Cluster Analysis of Gene Expression Profiles

Purpose:To obtain insight in yeast gene expression during cell cycle using hierarchical clustering methods.

We will use the NCBI GEO server for both data and analysis tools.

Identify cell cycle related genes with the aid of cluster analysis.

  1. Search for dataset GDS124 . Read about the experiment and try to understand the experimental set up. How many time points are available? The details of these experiments are given in Spellman, et.al.
  2. Only a limited number of clustering on this data is available in GEO server. First use UPGMA clustering (under analysis option) of the genes with uncentered correlation as a distance measure. Think about how to decide which genes are cell cycle related by looking at their profiles, before you start the analysis.
  3. Select some of the genes that you identified (using the orange rectangular tool) and plot their profile. How do their expression levels change in time? Do all selected genes behave similarly? Get the profiles of these genes individually (by clicking Get profiles in Entrez-GEO ). Now you have access to the annotations of the selected genes. Do you see some that according to the annotation should be cell-cycle related? Write down the name of these genes.
  4. Look at single linkage clustering as well. How many cell cycle genes can you identify using uncentered correlation distance measure? Why? Do your results improve when you use other distance measures?
  5. Search for other data sets involving cell cycle experiments in yeast as well. Using GEO Profiles in Entrez check if some of the genes you identified above show similar behaviour in other cell cycle experiments.

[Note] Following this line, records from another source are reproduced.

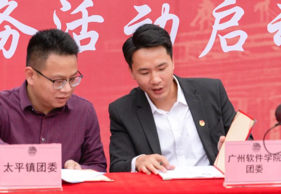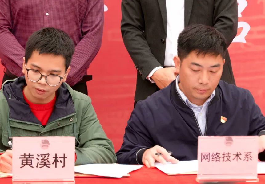 为了有效发挥校地共青团“搭桥牵线”作用,做到精准共建、订单式帮扶,让青年学子深入基层一线开展专业实践活动,太平镇团委和学校团委、网络技术系团委和黄溪村在启动仪式现场进行了“百千万工程”突击队行动签约。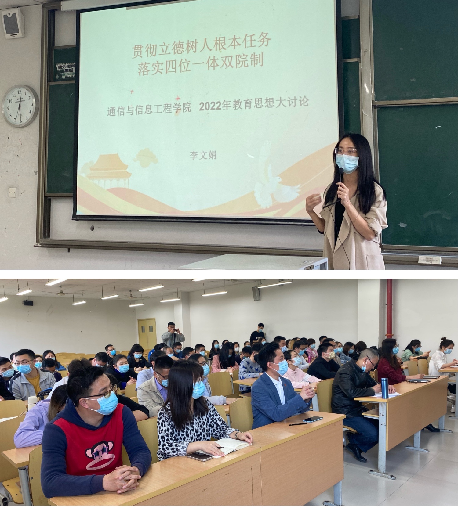 为切实开展2022年教育思想大讨论工作,根据《通信与信息工程学院2022年教育思想大讨论工作实施方案》相关安排,4月20日下午,通信与信息工程学院在4301教室开展了以“贯彻立德树人教育理念,落实四位一体双院制”为主题的大讨论活动。此次活动由通信与信息工程学院李文娟院长、唐林建副院长主讲,学院全体教师参与讨论。
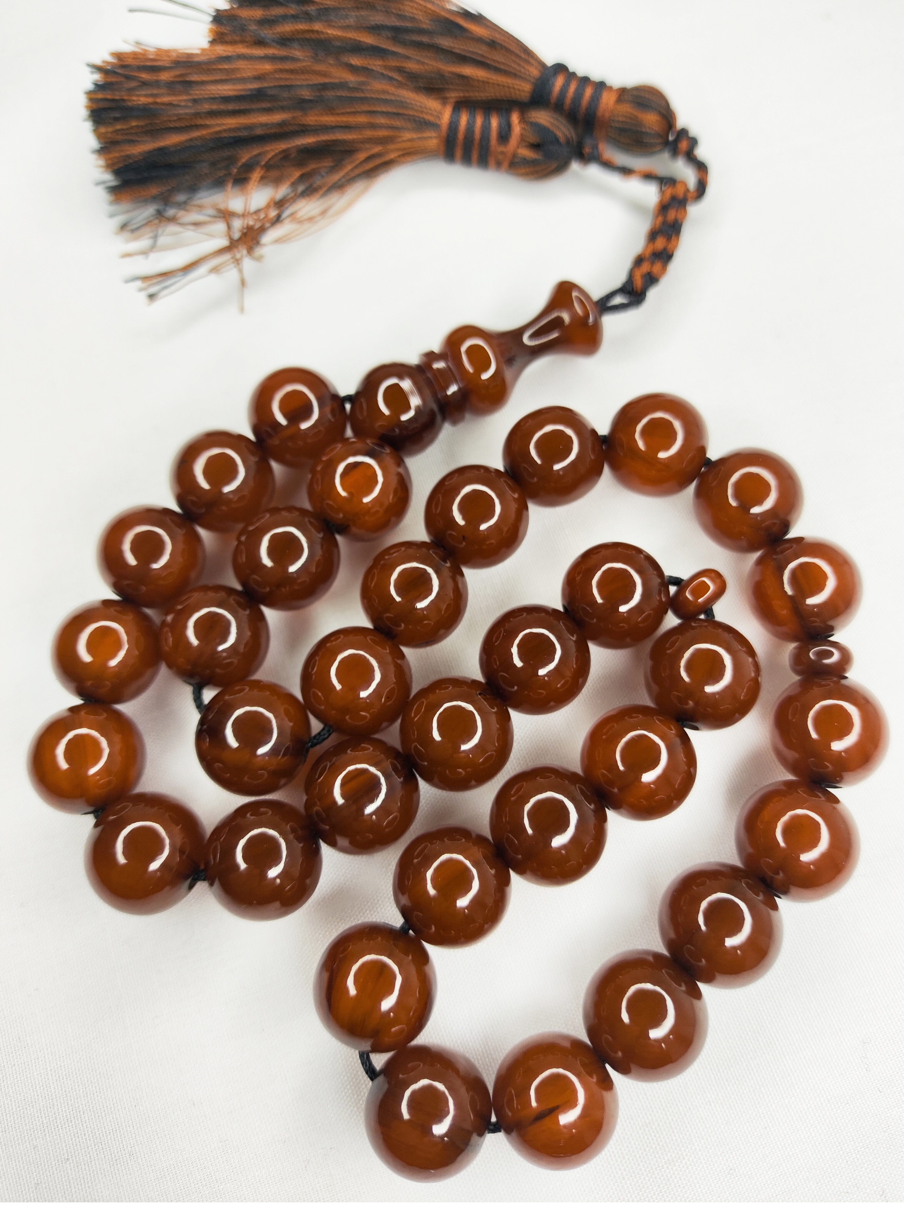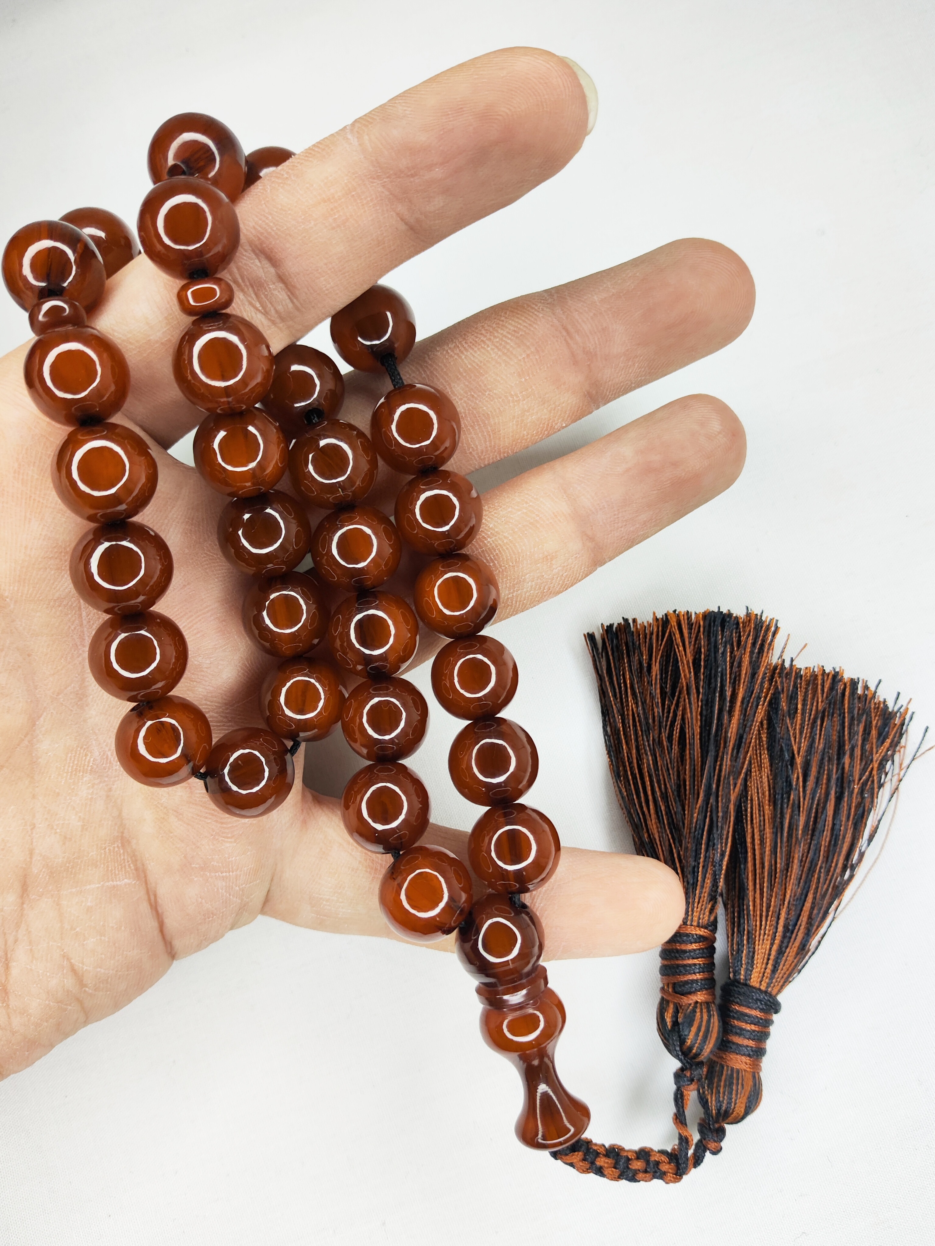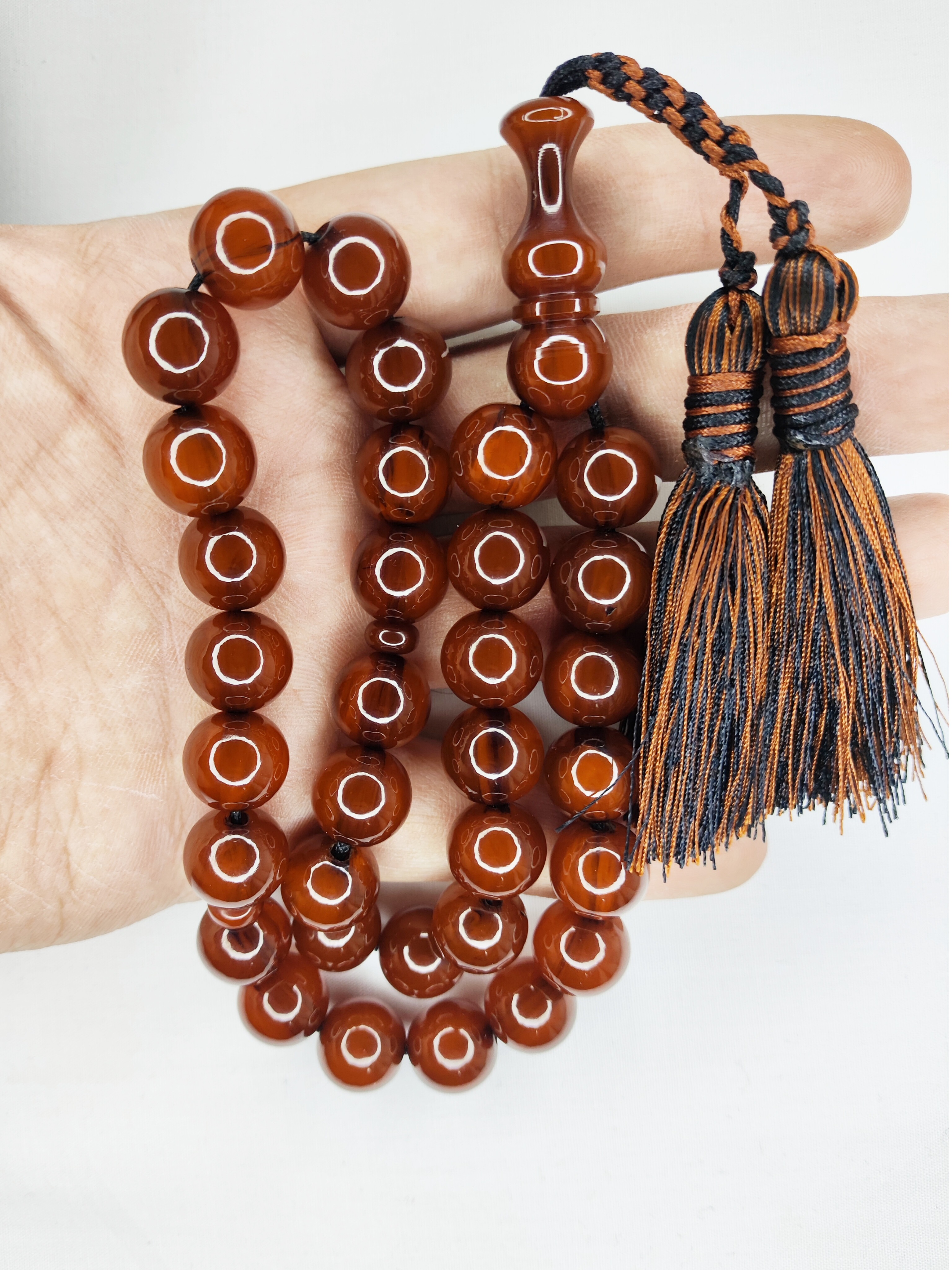 تسبیح کهربا رگه دار 33عددی رنگ قهوهای خاص و زیبا تراش گرد دقیق خوشدست و خوش صدا به همراه منگوله ابریشمی فاخرو شکیل

Expression analysis at the tissue level.

  1. Search for dataset GDS596. Read about the experiment and try to understand the experimental set up. How many tissues/cell lines are tested? The details of these experiments are given in Su, et.al.
  2. Which type of micro array is used here?
  3. This type of micro arrays use often probe sequences that are 25 nucleotide long. Is it possible to measure in a standard microarray chip like the one used here the differences in the expression level of ubiquitin and poly ubiquitin?
  4. You can search for human ubiquitin expression profile by using the keyword M26880 . Is the tissue expression profile of the ubiquitin the one that you had been expecting?
  5. Try to identify genes that are co-expressed with ubiquitin. You can do this by using Profile neighbor facility placed on top of the expression profile. Are co-expressed genes also related to protein degradation?
  6. Now search for expression of TLR1, TLR2 and TLR7. Are TLRs co-expressed? What does this suggest?